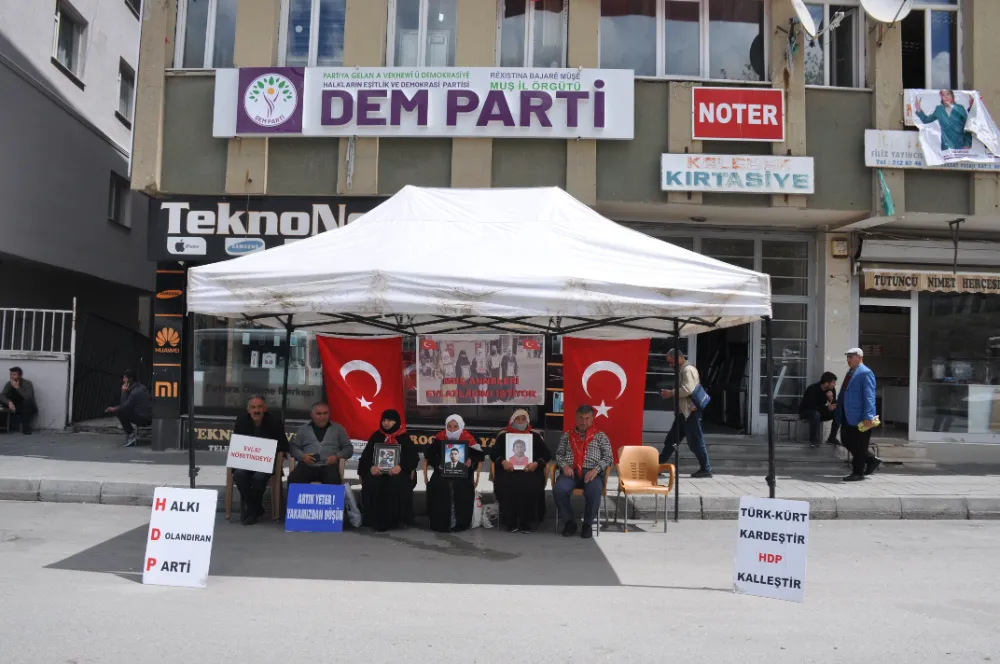 Muş’ta çocukları terör örgütü PKK tarafından kaçırılan aileler, DEM Parti il binası önündeki oturma eylemini kararlılıkla sürdürüyor.
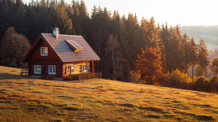 A peaceful wooden log cabin in serene autumn forest at sunrise. rustic mountain hut with warm sunlight and golden leaf for cozy nature getaway
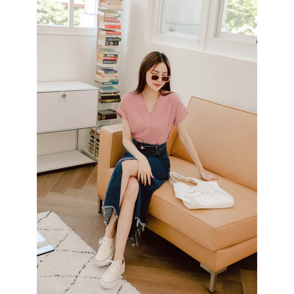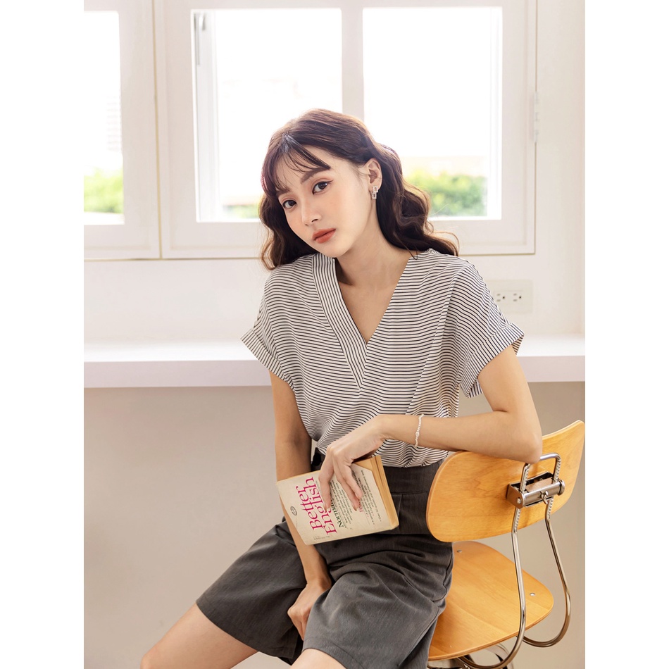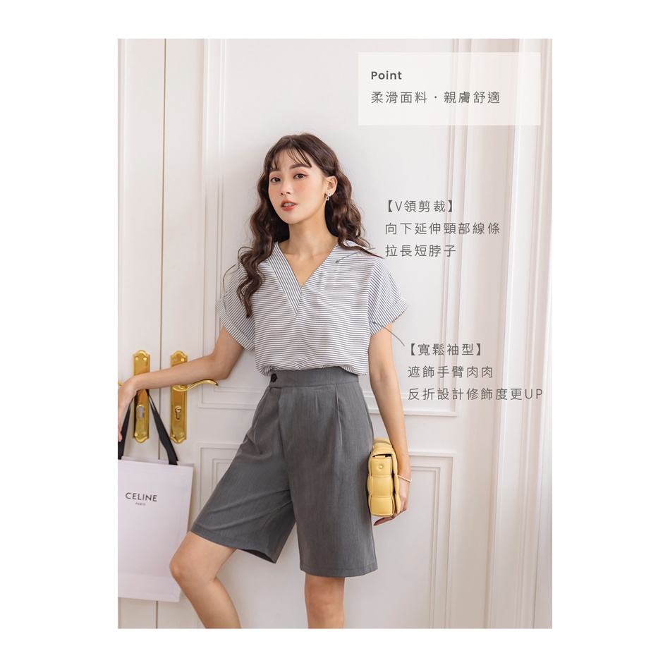 OB嚴選 V領橫條紋寬版反摺短袖上衣 《AB17449》大尺碼/女裝/現貨

____________

» **Exercise brief**
The material above is to be transcribed exactly, with all pictures omitted.

» **Answer box**
 Muş’ta çocukları terör örgütü PKK tarafından kaçırılan aileler, DEM Parti il binası önündeki oturma eylemini kararlılıkla sürdürüyor.
 A peaceful wooden log cabin in serene autumn forest at sunrise. rustic mountain hut with warm sunlight and golden leaf for cozy nature getaway
 OB嚴選 V領橫條紋寬版反摺短袖上衣 《AB17449》大尺碼/女裝/現貨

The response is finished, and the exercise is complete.